Google has officially declared the test results of its audio search feature. The test was done to check whether the audio search has the potential to work in the future or not.
The test results show higher results than Google has actually thought of but quite difficult as well. In order to run the test, Google has made a partnership with KQED.
Difficulties In Audio Search
One of the biggest barriers in making audio search visible that the audio file must be converted into a text file so that it can be searched over Google. Other than this, there is no way in which audio files can be found over search engines.
To make it easy for the publishers’ automated transcriptions are the only way out. As manual transcriptions consume a lot of time and effort. According to KQED, indexing audio transcripts needs to be 100% accurate which is not possible for now.
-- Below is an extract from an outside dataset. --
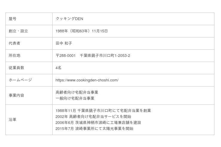 『クッキングDEN』は、1988年11月に、お弁当宅配サービス事業として開業、地域の企業様や一般の方へお弁当を届けてまいりました。そして2002年には、時代の流れとともに高齢者向け宅配弁当サービスを開始、自治体や病院と連携しております。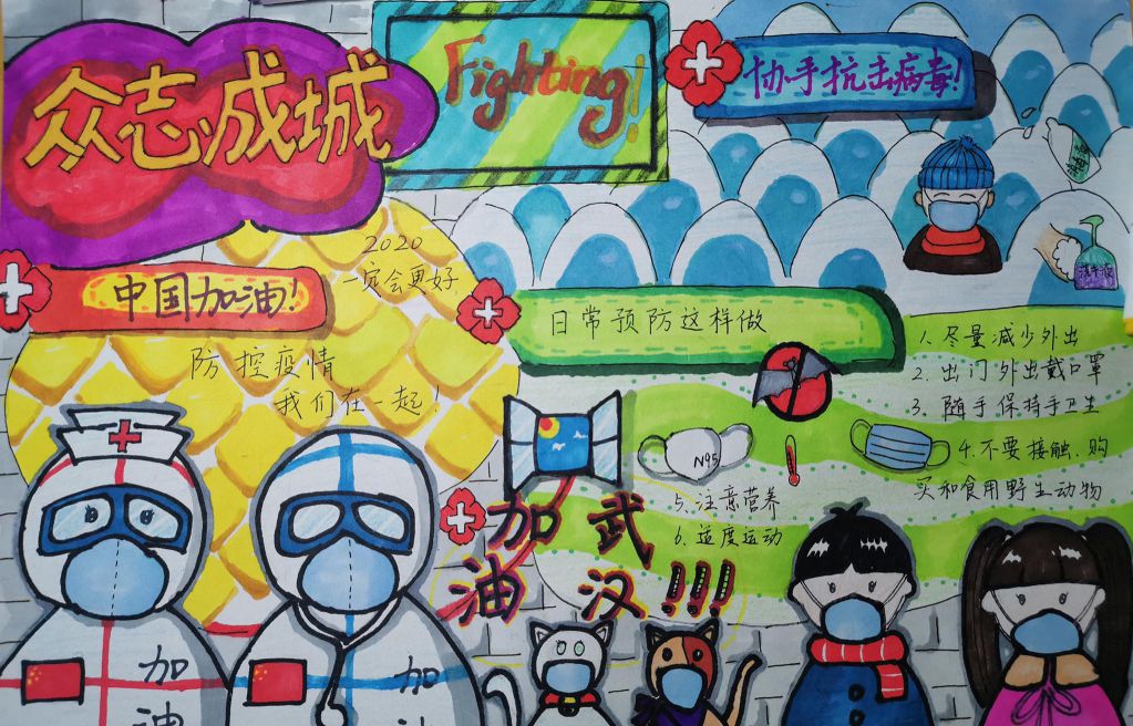 本次活动共收到同学们精心设计的作品100余件,从中精选了优秀作品20余件,征集到的作品紧扣主题,构思新颖,形式多样,寓意深刻,在宣传防疫知识的同时,将战“疫”期间的感人场面转化成了鲜活生动的画作,表达对抗疫一线的英雄们的敬意与祝福,展现了在疫情面前全国上下同舟共济、众志成城、支援武汉、战胜疫情的决心和信心。

Drawbacks In Audio To Text Technology
The biggest limitation that has been discovered is to identify the proper nouns. Named entities are not clearly understandable by AI.
KQED’s local news audio is rich in references of named entities related to topics, people, places, and organizations that are contextual to the Bay Area region. Speakers use acronyms like “CHP” for California Highway Patrol and “the Peninsula” for the area spanning San Francisco to San Jose. These are more difficult for artificial intelligence to identify.
As you can see above, when name entities are not clear, then AI tries its best to guess what has been said. However, this thins is strictly not possible for web searches, because incorrect transcriptions will change the whole meaning of what has been said.
Google’s Next Step
Google will work on the project until a proper solution is there. In order to make audio search accessible to every region, Google will come up with some new technology as well.
One of the pillars of the Google New Initiative is incubating new approaches to difficult problems. Once complete, this technology and associated best practices will be openly shared, greatly expanding the anticipated impact.
We’re confident that in the near future, improvements into these speech-to-text models will help convert audio to text faster, ultimately helping people find audio news more effectively.